Diffusion-Based Makeup Transfer with Facial Region-Aware Makeup Features

Current diffusion-based makeup transfer methods commonly use the makeup information encoded by off-the-shelf foundation models (e.g., CLIP) as condition to preserve the makeup style of reference image in the generation.

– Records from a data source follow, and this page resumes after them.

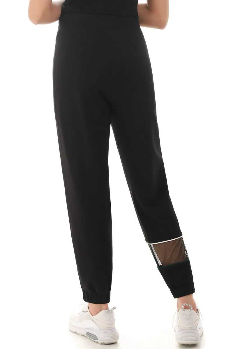 Opuštene i stajliš, ove trenerke su jedan od najudobnijih modela koje ćete nositi. Viskozni materijal od kog su napravljene u sebi sadrži visoki procenat elastina i čini sam materijal veoma rastegljivim, što pogoduje njihovoj dodatnoj udobnosti. Ležeran kroj prati liniju tela i ostavlja dovoljno prostora da se u njima nesmetano krećete ili obavljate sportske aktivnosti. Posebnu čar ovom modelu daje atraktivni umetnuti deo od tila. Ovaj model na lak način prilagodićete kako sportskim tako i casual outfitima.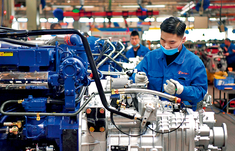工人在位于西安的陕汽总装车间生产线上作业(2020年11月2日摄) 刘潇摄/本刊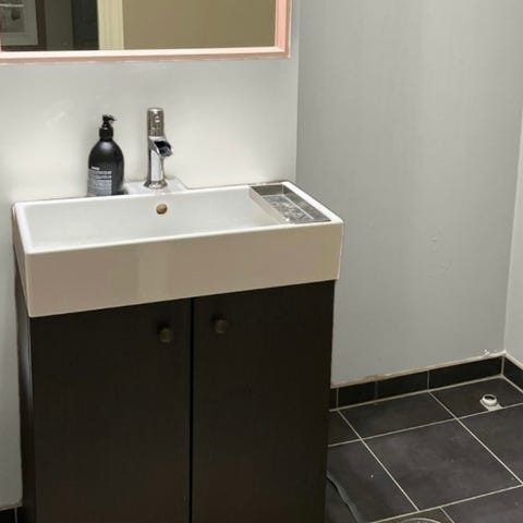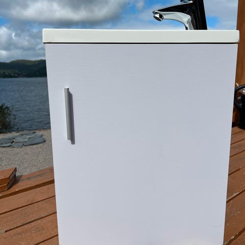 Servantskap i sort og hvit farge. Produktet har et minimalistisk design med håndtak i metall. Passer til baderom for oppbevaring under servant.m/2 hyller.mål B47 D30 H60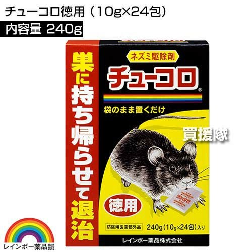 他の画像を見る 【送料無料】そのまま置くだけ簡単に使える殺そ剤です レインボー薬品 チューコロ徳用 240g(10g×24包)×80個 買援隊 特別価格 ¥ 64,000 税込 カートに入れる お気に入りに登録する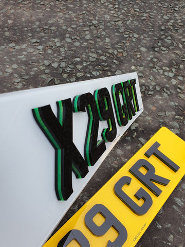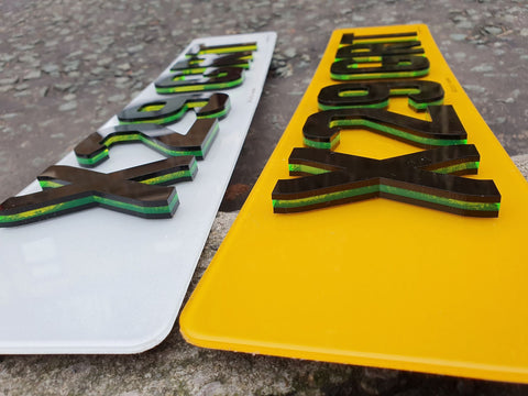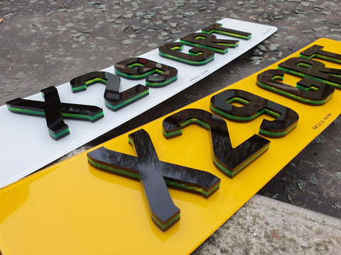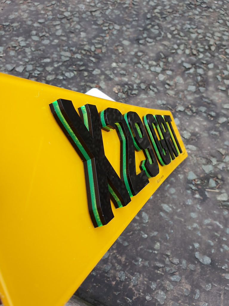 Gloss, Satin Black or Carbon Laser cut 3D Acrylic Letters with Lime Blast colour

Although effective, these works mainly have two limitations: (1) foundation models pre-trained for generic tasks struggle to capture makeup styles; (2) the makeup features of reference image are injected to the diffusion denoising model as a whole for global makeup transfer, overlooking the facial region-aware makeup features (i.e., eyes, mouth, etc) and limiting the regional controllability for region-specific makeup transfer. To address these, in this work, we propose Facial Region-Aware Makeup features (FRAM), which has two stages: (1) makeup CLIP fine-tuning; (2) identity and facial region-aware makeup injection. For makeup CLIP fine-tuning, unlike prior works using off-the-shelf CLIP, we synthesize annotated makeup style data using GPT-o3 and text-driven image editing model, and then use the data to train a makeup CLIP encoder through self-supervised and image-text contrastive learning. For identity and facial region-aware makeup injection, we construct before-and-after makeup image pairs from the edited images in stage 1 and then use them to learn to inject identity of source image and makeup of reference image to the diffusion denoising model for makeup transfer. Specifically, we use learnable tokens to query the makeup CLIP encoder to extract facial region-aware makeup features for makeup injection, which is learned via an attention loss to enable regional control. As for identity injection, we use a ControlNet Union to encode source image and its 3D mesh simultaneously. The experimental results verify the superiority of our regional controllability and our makeup transfer performance.

翻译：当前基于扩散模型的化妆迁移方法通常利用通用基础模型（如CLIP）编码的化妆信息作为条件，在生成过程中保留参考图像的化妆风格。然而，这些方法主要存在两个局限：（1）为通用任务预训练的基础模型难以准确捕捉化妆风格；（2）参考图像的化妆特征被整体注入扩散去噪模型以实现全局化妆迁移，忽略了面部区域感知的化妆特征（如眼睛、嘴巴等），限制了区域特定化妆迁移的可控性。针对这些问题，本文提出面部区域感知的化妆特征（FRAM），包含两个阶段：（1）化妆CLIP微调；（2）身份与面部区域感知的化妆注入。在化妆CLIP微调阶段，与以往直接使用通用CLIP的方法不同，我们利用GPT-o3和文本驱动图像编辑模型合成带标注的化妆风格数据，并通过自监督学习和图像-文本对比学习训练化妆CLIP编码器。在身份与面部区域感知的化妆注入阶段，我们利用第一阶段编辑图像构建化妆前后图像对，学习将源图像的身份特征与参考图像的化妆特征注入扩散去噪模型。具体而言，我们使用可学习查询标记从化妆CLIP编码器中提取面部区域感知的化妆特征，并通过注意力损失函数实现区域级控制。身份注入方面，我们采用ControlNet Union同时编码源图像及其三维网格。实验结果验证了该方法在区域可控性与化妆迁移性能上的优越性。